Exercise aim
For every record, give an exact copy that has no pictures in it.

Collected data
- Opening Delimiter -

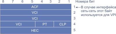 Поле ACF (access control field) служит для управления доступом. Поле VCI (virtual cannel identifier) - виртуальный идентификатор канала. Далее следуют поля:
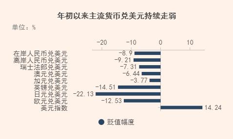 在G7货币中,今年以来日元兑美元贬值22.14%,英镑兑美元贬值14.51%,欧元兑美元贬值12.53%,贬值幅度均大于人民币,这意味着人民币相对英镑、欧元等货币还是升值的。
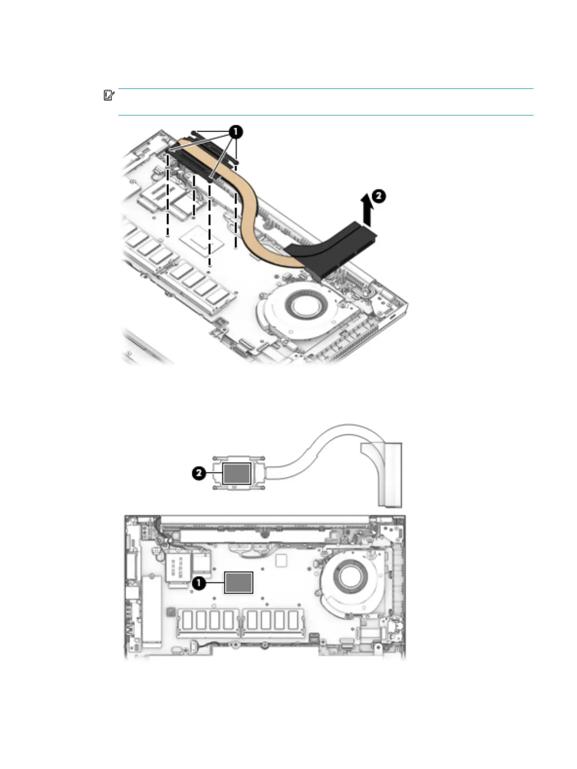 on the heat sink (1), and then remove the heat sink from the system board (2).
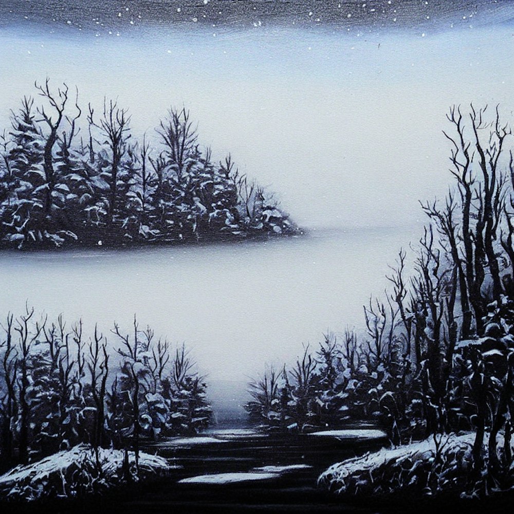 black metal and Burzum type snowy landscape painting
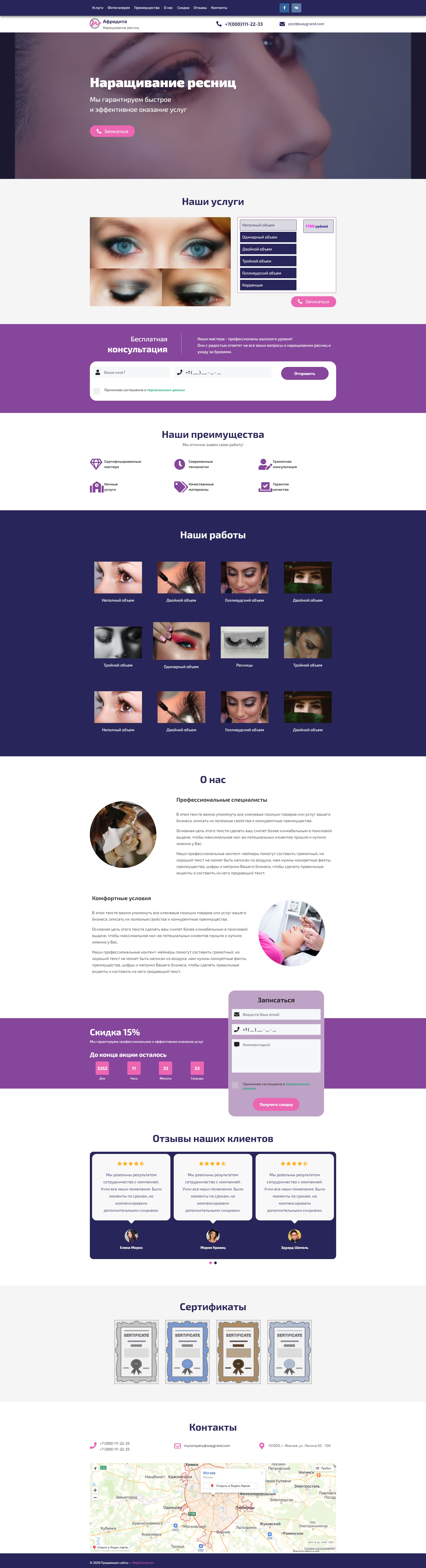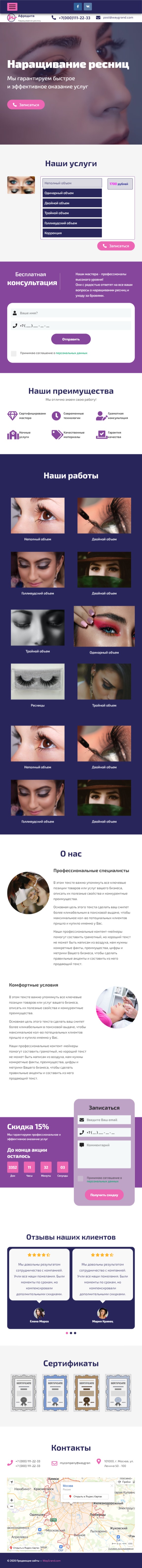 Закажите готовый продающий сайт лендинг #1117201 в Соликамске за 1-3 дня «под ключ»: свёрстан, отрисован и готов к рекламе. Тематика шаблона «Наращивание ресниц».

- Closing Delimiter -

Exercise response
 Поле ACF (access control field) служит для управления доступом. Поле VCI (virtual cannel identifier) - виртуальный идентификатор канала. Далее следуют поля:
 在G7货币中,今年以来日元兑美元贬值22.14%,英镑兑美元贬值14.51%,欧元兑美元贬值12.53%,贬值幅度均大于人民币,这意味着人民币相对英镑、欧元等货币还是升值的。
 on the heat sink (1), and then remove the heat sink from the system board (2).
 black metal and Burzum type snowy landscape painting
 Закажите готовый продающий сайт лендинг #1117201 в Соликамске за 1-3 дня «под ключ»: свёрстан, отрисован и готов к рекламе. Тематика шаблона «Наращивание ресниц».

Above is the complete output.